Special mentions should go to Mr. Bertie Sailor, whose incessant scampering down the flank provided much tribulation for the Palace left-back. Truly, his game reaches new heights for us this term. And indeed Mr. Sesley, an impenetrable performance with two splendidly athletic leaps to deny our opponents. One loves his cry of “NO, SIR!” as he deflects the orb. He is becoming a glove butler par excellence. If only he could think a little less; his reflex saves are superb, but if the fellow has time to think, occasionally disaster ensues. Which is part of Sir Albert’s charm.

FC CHELSEA 2003

And so to the irritating cup defeat to Fu Mourchu and his band of mercenaries. I yield to no one in my deep-seated hatred for the pot-bellied racists from the dog track. Two billion pounds of someone else’s money has subsidised their journey from nobodies, satisfied with signing ex Arsenal players, who duly turned up at Wembley to get beaten by us every couple of seasons into an outfit of some depth and efficiency.

They are of course responsible for massively devaluing the European Cup itself; it has become the footballing equivalent of Groucho Marx’s club – he wouldn’t want to be a member of a club that would have him. We should of course remember that even Aston Villa have won it, so we should take succour from the fact that Mr. Abramovich may end up in a gulag in a few years if the regime changes in Russia, Chelsea will go into administration and be broken up to pay back the two billion in loans he has injected into this vulgar ragtag band of untermenschen.

Although I feel his performance was not quite as appalling as some of the journals have suggested, Mr. Blackwater did look bereft at times. Perhaps Mr. Windsor will emulate my good friend ‘Uncle’ Monty and cry, “We shall never play The Dane.”

SNOUTS IN THE TROUGH AT TOTTENHAM

I say, I say I say, what do you get if you loot your own town, then set fire to it? You get £41 million pounds of public money to subsidise your Emirates Lite stadium on the dubious promise that it will ‘regenerate’ your slum dwellings. £41 million pounds. Or 150 nurses for ten years. I’m sure a petition exists somewhere to raise the profile of this grotesque injustice. We hear that someone from Haringey council visits Mr. Levy once daily, after his morning voidance, to perform the valet’s duty, shall we say.

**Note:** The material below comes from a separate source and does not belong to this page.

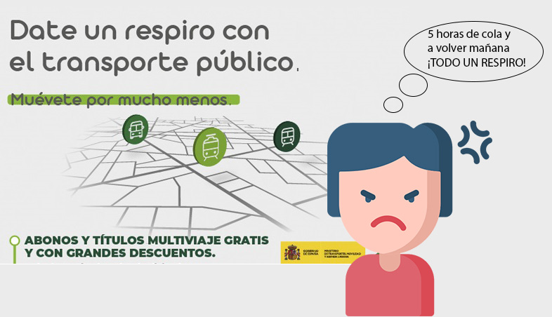 Viendo esta campaña del Ministerio: “DATE UN RESPIRO CON EL TRANSPORTE PÚBLICO” Muévete por mucho menos” y como se está realizando, por lo menos en esta línea, parece una tomadura de pelo.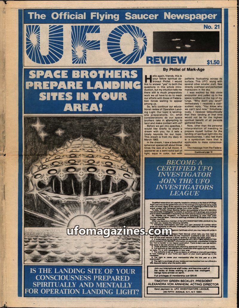 This issue of UFO REVIEW (No. 21) delves into UFO sightings and alien contact, featuring an article on 'Space Brothers' preparing for landing sites and the importance of spiritual

Also over at White Hovel Lane, we note with amusement that Brad Friedel has now scored as many goals from open play as Roberto Soldado.

SCOUSEDINAVIA

Yes, Finland’s own sons, Liverpool FC, visit this coming Saturday. And for one special lad, it’ll be a dream come true. For this shall be the day that Luis Suarez finally achieves his ambition of playing at The Emirates, before Portrait Rodgers laid down the law/ begged for one more season to try and get into the Champions’ League. (“Liverpool should honour their promise and let me leave. My priority is Champions League football. This is about me doing what is right for my career at this moment in time.” – August 2013)

Doubtless he shall receive a warm hand on his entrance.

I made the mistake of showing my support for Justice for the ‘96 before this fixture last year, only to be taken to task by a Mugsmasher over all the other injustices meted out to poor old Liverpool over the years. There’s a lesson there.